• _Data supplied_
━━━━━━━━━━━━━━━━━━━━━━━━━━━━━━

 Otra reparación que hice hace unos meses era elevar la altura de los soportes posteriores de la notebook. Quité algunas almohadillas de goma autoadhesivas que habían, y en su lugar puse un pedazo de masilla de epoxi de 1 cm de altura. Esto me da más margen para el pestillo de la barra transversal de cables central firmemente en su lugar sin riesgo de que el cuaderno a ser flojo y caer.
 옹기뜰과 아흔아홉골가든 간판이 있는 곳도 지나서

━━━━━━━━━━━━━━━━━━━━━━━━━━━━━━

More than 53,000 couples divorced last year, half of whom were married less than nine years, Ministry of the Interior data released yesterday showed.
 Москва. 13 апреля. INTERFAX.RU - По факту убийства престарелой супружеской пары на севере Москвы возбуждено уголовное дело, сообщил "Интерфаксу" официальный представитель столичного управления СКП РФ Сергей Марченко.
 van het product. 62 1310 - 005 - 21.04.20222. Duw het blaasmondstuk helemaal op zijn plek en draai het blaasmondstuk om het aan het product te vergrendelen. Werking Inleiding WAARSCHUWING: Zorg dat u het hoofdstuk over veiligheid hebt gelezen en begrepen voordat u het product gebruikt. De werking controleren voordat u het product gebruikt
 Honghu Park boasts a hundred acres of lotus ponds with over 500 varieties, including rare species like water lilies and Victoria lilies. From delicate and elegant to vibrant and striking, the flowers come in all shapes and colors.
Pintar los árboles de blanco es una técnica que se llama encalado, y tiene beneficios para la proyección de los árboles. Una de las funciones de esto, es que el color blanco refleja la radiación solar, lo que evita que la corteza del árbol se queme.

━━━━━━━━━━━━━━━━━━━━━━━━━━━━━━

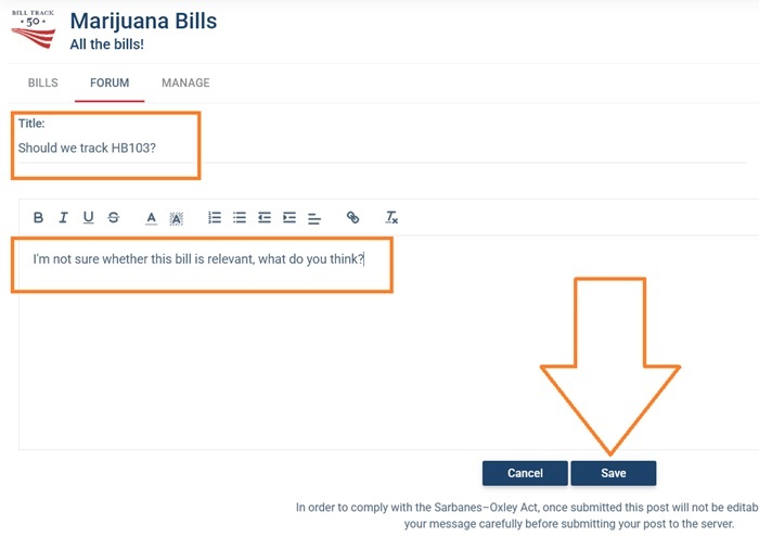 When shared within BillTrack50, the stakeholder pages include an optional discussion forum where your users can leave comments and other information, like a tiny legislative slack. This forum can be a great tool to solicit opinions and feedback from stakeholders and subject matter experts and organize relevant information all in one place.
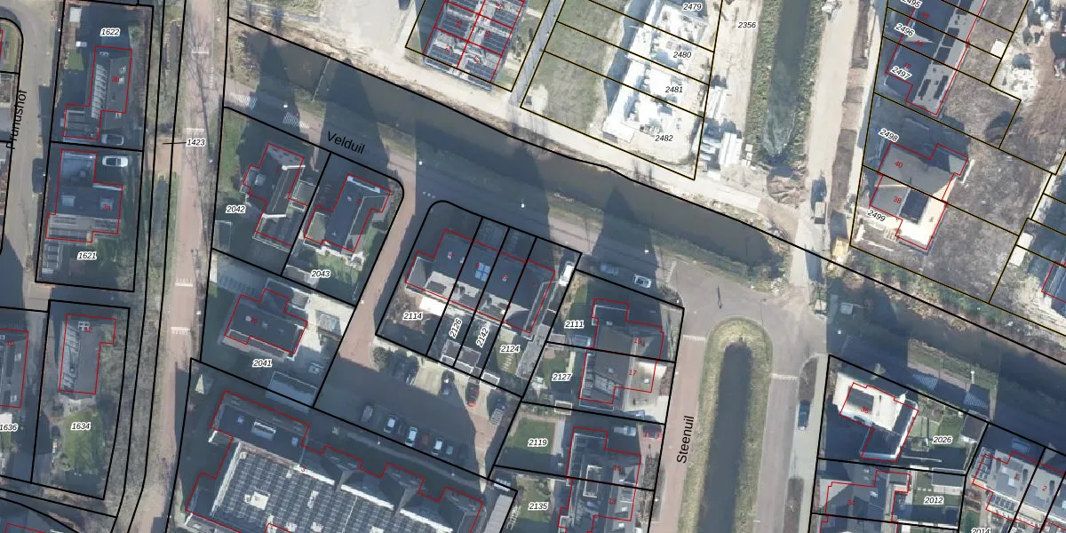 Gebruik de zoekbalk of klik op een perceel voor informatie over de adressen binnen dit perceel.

━━━━━━━━━━━━━━━━━━━━━━━━━━━━━━

• _Requirement_
When a line in the material contains the string "para", copy that line.

• _Task result_
 Otra reparación que hice hace unos meses era elevar la altura de los soportes posteriores de la notebook. Quité algunas almohadillas de goma autoadhesivas que habían, y en su lugar puse un pedazo de masilla de epoxi de 1 cm de altura. Esto me da más margen para el pestillo de la barra transversal de cables central firmemente en su lugar sin riesgo de que el cuaderno a ser flojo y caer.
Pintar los árboles de blanco es una técnica que se llama encalado, y tiene beneficios para la proyección de los árboles. Una de las funciones de esto, es que el color blanco refleja la radiación solar, lo que evita que la corteza del árbol se queme.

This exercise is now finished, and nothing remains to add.